Enforcing diagnostic method patents in a world of patchwork protection – Landslide

Leah McGurn

Jan 11, 2023

Securing effective patent protection over inventive diagnostic methods continues to be a challenge in several jurisdictions around the world, particularly in the U.S. It will be important to follow unfolding legal developments for a better sense of which diagnostic methods are U.S. patent-eligible, suggests Vincent M. de Grandpré and Leah McGurn in their article published in Landslide by the American Bar Association.

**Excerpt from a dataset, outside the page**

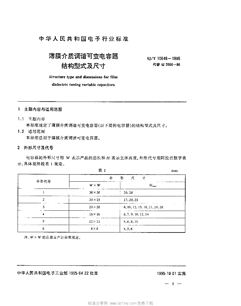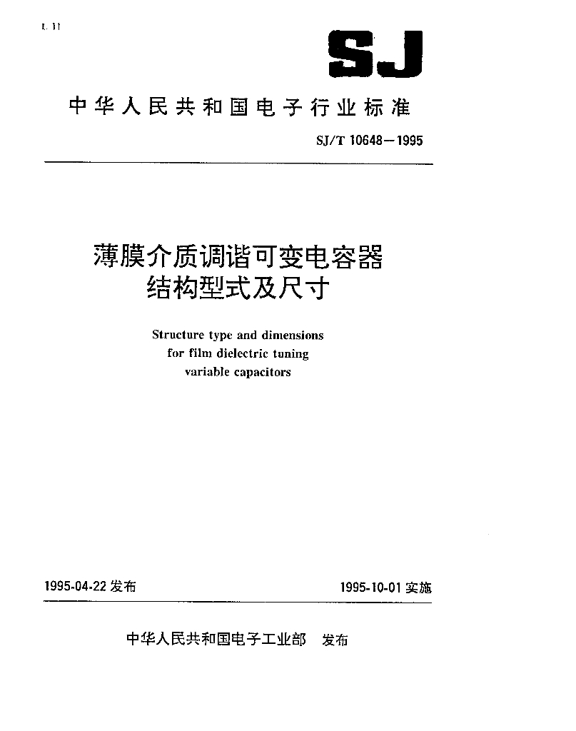 SJ/T 10648-1995 薄膜介质调谐可变电容器结构型式及尺寸
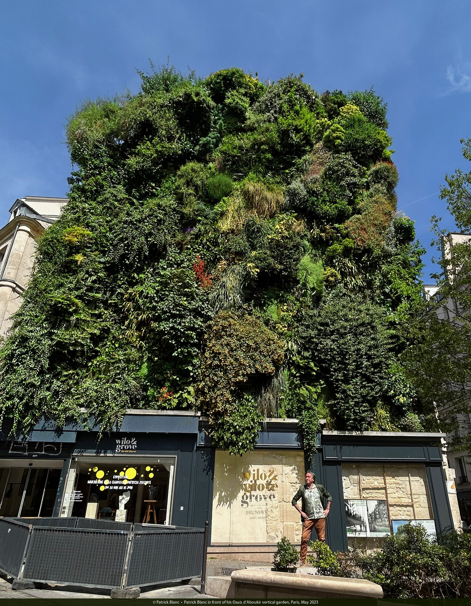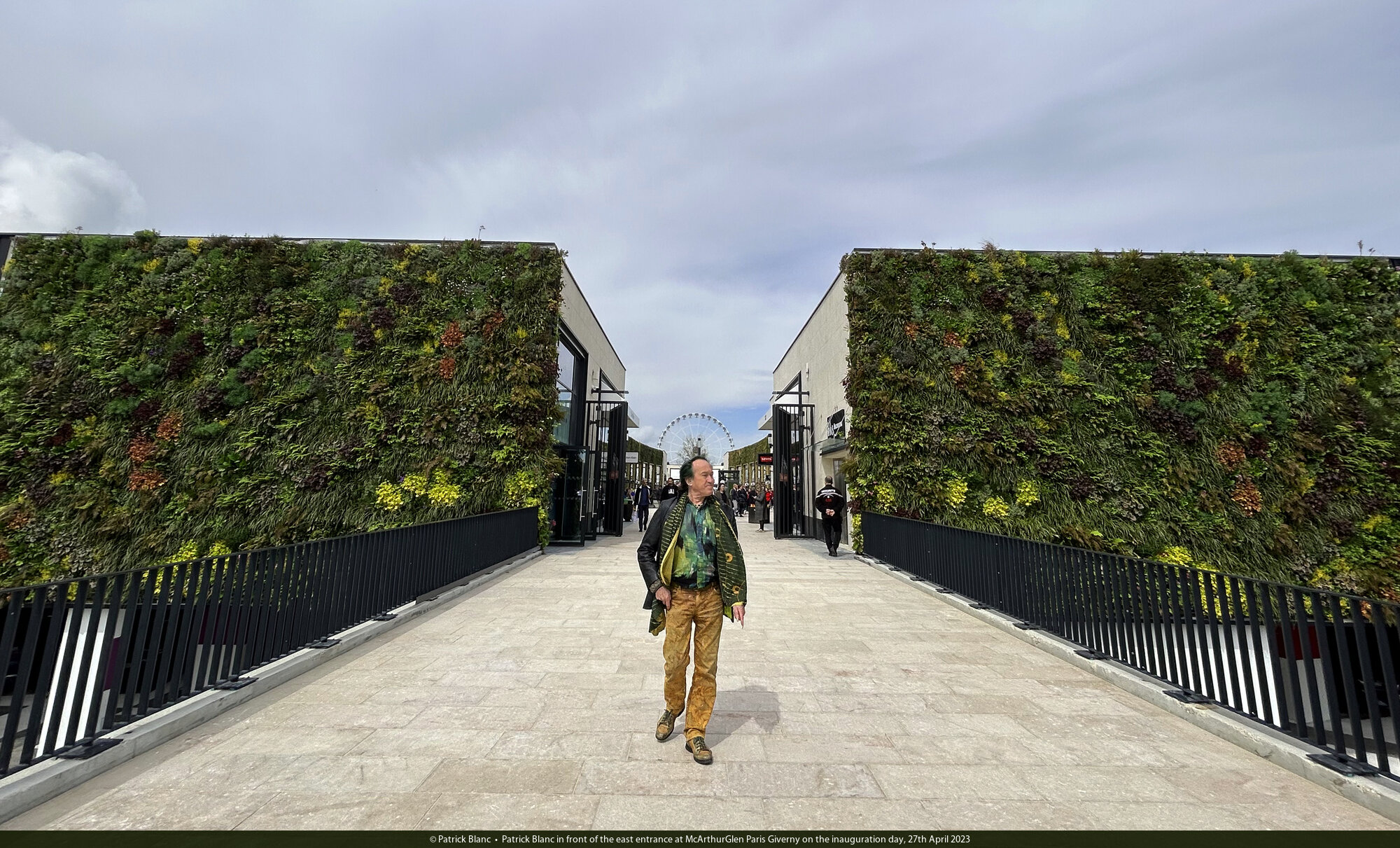 Patrick Blanc in front of the east entrance at McArthurGlen Paris Giverny on the inauguration day, 27th April 2023

Parallel U.S. and foreign cases illustrate how the validity and enforceability of diagnostic method patents in any jurisdiction may have implications around the world. For example, in the late 1990s, Sequenom, a company specializing in molecular diagnostics, developed a method for detecting fetal DNA in a maternal blood sample. The company filed international patent applications. In the U.S., the Federal Court held that the patent claims were “directed to” a natural phenomenon and that there was no inventive concept sufficient to transform the nature of the claim into a patent-eligible application. As a result, Sequenom’s patent claims were ruled invalid.

Under U.K. law, whether a diagnostic method is patentable subject matter turns on whether, as a matter of substance and not mere form, a claimed invention is a practical product or process rather than information about the natural. The U.K. court held that Sequenom’s patent was directed to patentable subject matter. The claims were not directed to information about the natural world, but rather to a detection method that did not exist in the natural world. Although Sequenom’s patent rights have not been litigated in Canada, a Canadian court might well look at the issues in a manner more similar to the U.K. rather than the U.S. approach.